Project 4: System Inventory & Audit Tool

Build a filesystem audit tool that reports ownership, permissions, and anomalies.

Quick Reference

Attribute Value
Difficulty Advanced
Time Estimate 2-3 weeks
Language Shell + find/awk
Prerequisites find, permissions basics
Key Topics metadata queries, auditing, reporting

1. Learning Objectives

By completing this project, you will:

  1. Query file metadata using find predicates.
  2. Detect risky permissions and ownership anomalies.
  3. Generate inventory reports in text and CSV.
  4. Build repeatable audits for compliance.
  5. Handle large directory trees efficiently.

2. Theoretical Foundation

2.1 Core Concepts

  • File Metadata: inodes store size, owner, permissions, timestamps.
  • Permissions: rwx bits define access; misconfigurations are security risks.
  • Audit Rules: Define what counts as risky (world-writable, SUID).
  • Reporting: Summaries are more valuable than raw file lists.

2.2 Why This Matters

Auditing permissions and ownership is critical for security and compliance. This project teaches how to detect risky files quickly using standard tools.

2.3 Historical Context / Background

System admins have long used find for compliance checks. Modern security tools build on the same metadata queries, but with dashboards and automation.

2.4 Common Misconceptions

  • “Permissions are static”: They drift over time.
  • “find is slow”: It is efficient if you limit scope and avoid expensive actions.

3. Project Specification

3.1 What You Will Build

A CLI named audit-fs.sh that:

  • Scans directories for risky permissions
  • Reports ownership mismatches
  • Outputs summary counts and CSV exports

3.2 Functional Requirements

  1. Inventory: List files with owner, group, permissions, size.
  2. Rules: Detect world-writable, SUID/SGID, executable in temp.
  3. Reports: Summary counts + CSV export.
  4. Scopes: Include/exclude directories with flags.

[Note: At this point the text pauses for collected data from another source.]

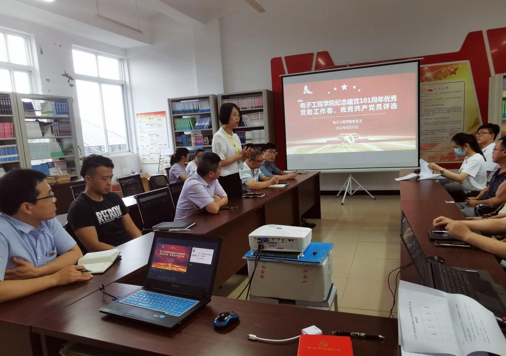 6月17日中午,电子工程学院党总支在41502党员活动室召开庆祝建党101周年优秀共产党员和优秀党务工作者推荐评选会议,本次会议由党总支书记庄璧瑛主持,我院全体教职工党员参加会议。
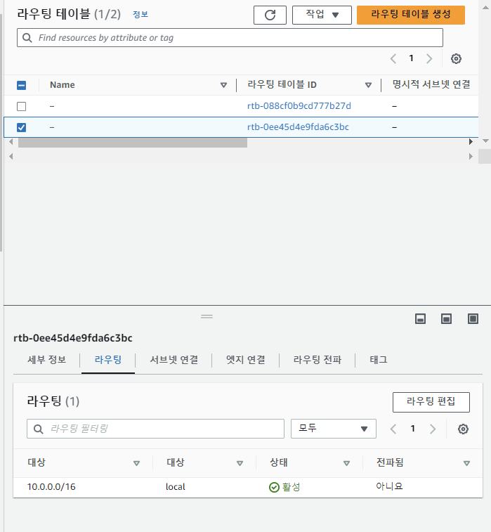 - VPC > 라우팅 테이블 선택
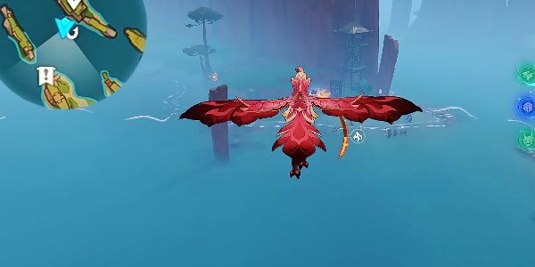 3、传送至花羽会上方,使用飞龙技能前往热气球位置。
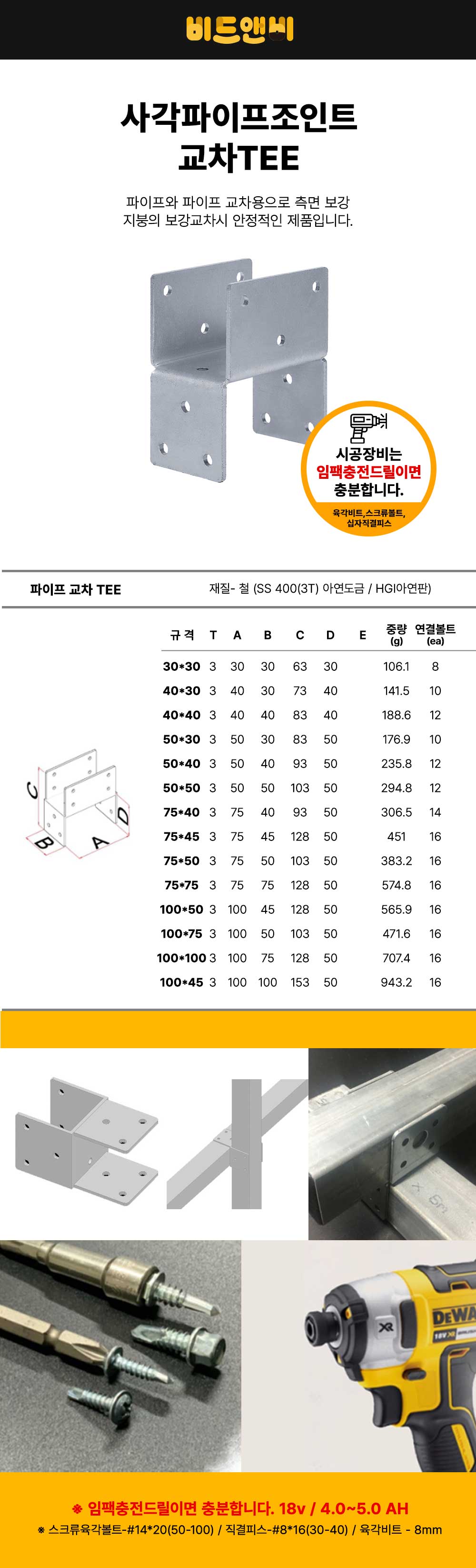 [둑스] 사각파이프조인트 교차TEE 요약정보 및 구매
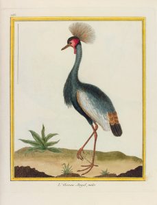 Somptueux recueil de planches d'oiseaux enluminées d'un vif coloris d'époque. # On trouve dans la présente collection – reliée sans le texte de l'Histoire naturelle des oiseaux par Buffon et Philippe Guénéau de Montbeillard, comme souvent – les planches nos1 à 288 des 1008 qui furent imprimées pour l'ouvrage, parmi lesquelles 253 représentent des oiseaux et 35 des sujets non ornithologiques : insectes, madrépores, etc. # Superbes et d'une grande précision, elles sont quasiment toutes l'œuvre de François-Nicolas Martinet. Dessinés d'après les spécimens naturalisés du Cabinet du roi et finement gravées en taille-douce sous la direction d'Edme-Louis Daubenton, ces planches furent « enluminées » avant la publication et encadrées d'une bordure à l'aquarelle jaune. # Très bel exemplaire dans une jolie reliure en maroquin rouge à dentelle (insignifiantes restaurations). # Planches d'une grande fraîcheur, au coloris profond et nuancé. # Ex-libris armorié aux initiales CFVM. # Nissen : IVB, n°158 – Ronsil, n°413 – Zimmer, 104 – Anker, n°76 – Brunet, I, 1379.

3.3 Non-Functional Requirements

  • Safety: Read-only; no modifications.
  • Performance: Avoid costly file content reads.
  • Usability: Clear summary output.

3.4 Example Usage / Output

$ ./audit-fs.sh /var
World-writable files: 12
SUID binaries: 4
Unowned files: 2
Report saved to audit.csv

3.5 Real World Outcome

You run the tool on a server and receive:

  • A summary of risky permissions
  • A CSV report of all flagged files
  • A list of unowned files for cleanup

This output can be handed to security or compliance teams.


4. Solution Architecture

4.1 High-Level Design

+---------+    +---------+    +---------+
| Finder  | -> | Rule    | -> | Report  |
+---------+    +---------+    +---------+

4.2 Key Components

Component Responsibility Key Decisions
Finder Build file list prune dirs
Rule Engine Apply permission checks predicate order
Reporter Output summary CSV format

4.3 Data Structures

# counters for each rule
count_world_writable++
count_suid++

4.4 Algorithm Overview

Key Algorithm: Metadata audit

  1. Find files with predicates.
  2. For each file, check rule conditions.
  3. Log flagged files and increment counts.
  4. Output summary and CSV.

Complexity Analysis:

  • Time: O(F) for F files
  • Space: O(R) for report entries

5. Implementation Guide

5.1 Development Environment Setup

chmod +x audit-fs.sh

5.2 Project Structure

audit-fs/
├── audit-fs.sh
└── README.md

5.3 The Core Question You Are Answering

“How do I audit filesystem permissions and ownership quickly and safely?”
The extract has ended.